Indian Share Market Sensex Update: Nifty 50 index recaptured the psychological peak of 22,000 and touched an intraday high of 22,295.50 points, slightly missing the existing record high of 22,297.50. BSE Sensex opened with gains today and touched a new peak of 73,574.
Indian Share Market Sensex Update: After India’s excellent GDP in the third quarter of the current financial year, strong buying was seen in the stock market today. Except IT, tech and healthcare stocks, most sectors are in the green zone. According to stock market experts, there is a bullish trend in the Indian stock market as India’s strong GDP in the third quarter of the current financial year has brought back enthusiasm in banks and other PSU stocks. It was told that the expectation of release of US inflation data has also played a role in boosting the sentiments of Dalal Street bulls.
Nifty 50 index recaptured the psychological peak of 22,000 and touched an intraday high of 22,295.50, narrowly missing the existing record high of 22,297.50. BSE Sensex opened with gains today and touched a new peak of 73,574.
Top 5 reasons for the rise in stock market today
1. India’s GDP: The country’s economic growth rate in the third quarter of the financial year 2023-24 was 8.4 percent, which is the highest in five quarters. With this, the National Statistics Office (NSO) has increased the growth estimate for the entire financial year to 7.6 percent. Prime Minister Narendra Modi has also expressed his happiness over the increase in the economic disorder rate.
2. Stir in Banking and PSU: According to experts, recently some surveys have predicted the victory of BJP led NDA in the upcoming Lok Sabha elections. Due to this, enthusiasm has come back in banking and PSU shares.

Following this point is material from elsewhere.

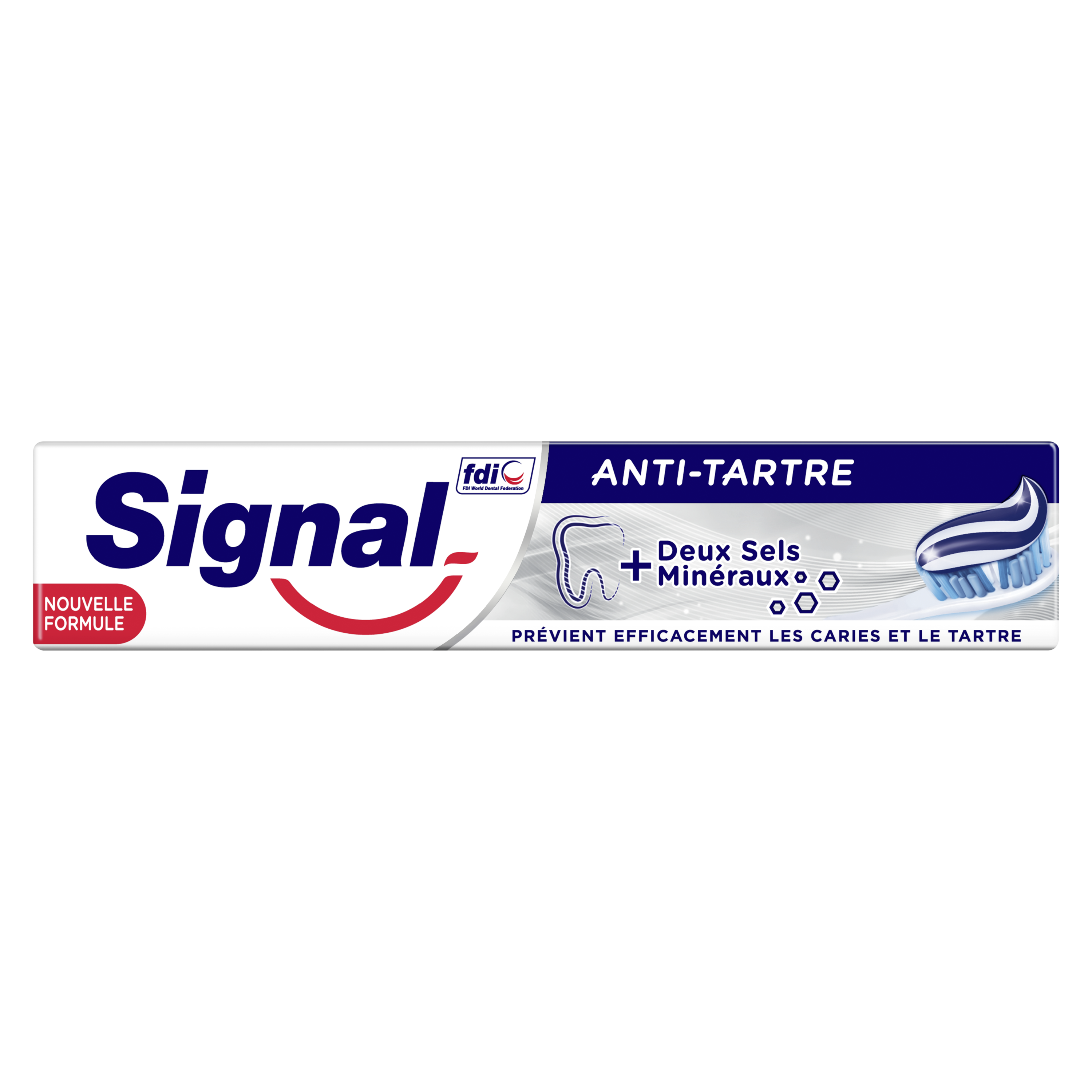 Le dentifrice Anti-Tartre Signal limite la formation de la plaque dentaire et freine la calcification, responsable du tartre

3. Strong global cues: It was reported that after the release of in-line US inflation data, the S&P 500 and Nasdaq closed at record highs on Wall Street, which boosted global market sentiment.
4. Discussion of US Federal Rate Cut: After the surprising US inflation data, the discussion of US Federal Rate cut is gaining momentum. Therefore, US Treasury yields are expected to decline and people are expected to transfer money from bond and money markets to other assets, including equities.
5. Strong Indian economy: Experts say on how strongly the economy and stock markets are linked to each other, ‘As India’s GDP maintained growth of 8 per cent or more in all three quarters of the current financial year Therefore, the market expects 16 to 20 percent growth in Nifty 50 index in the current financial year.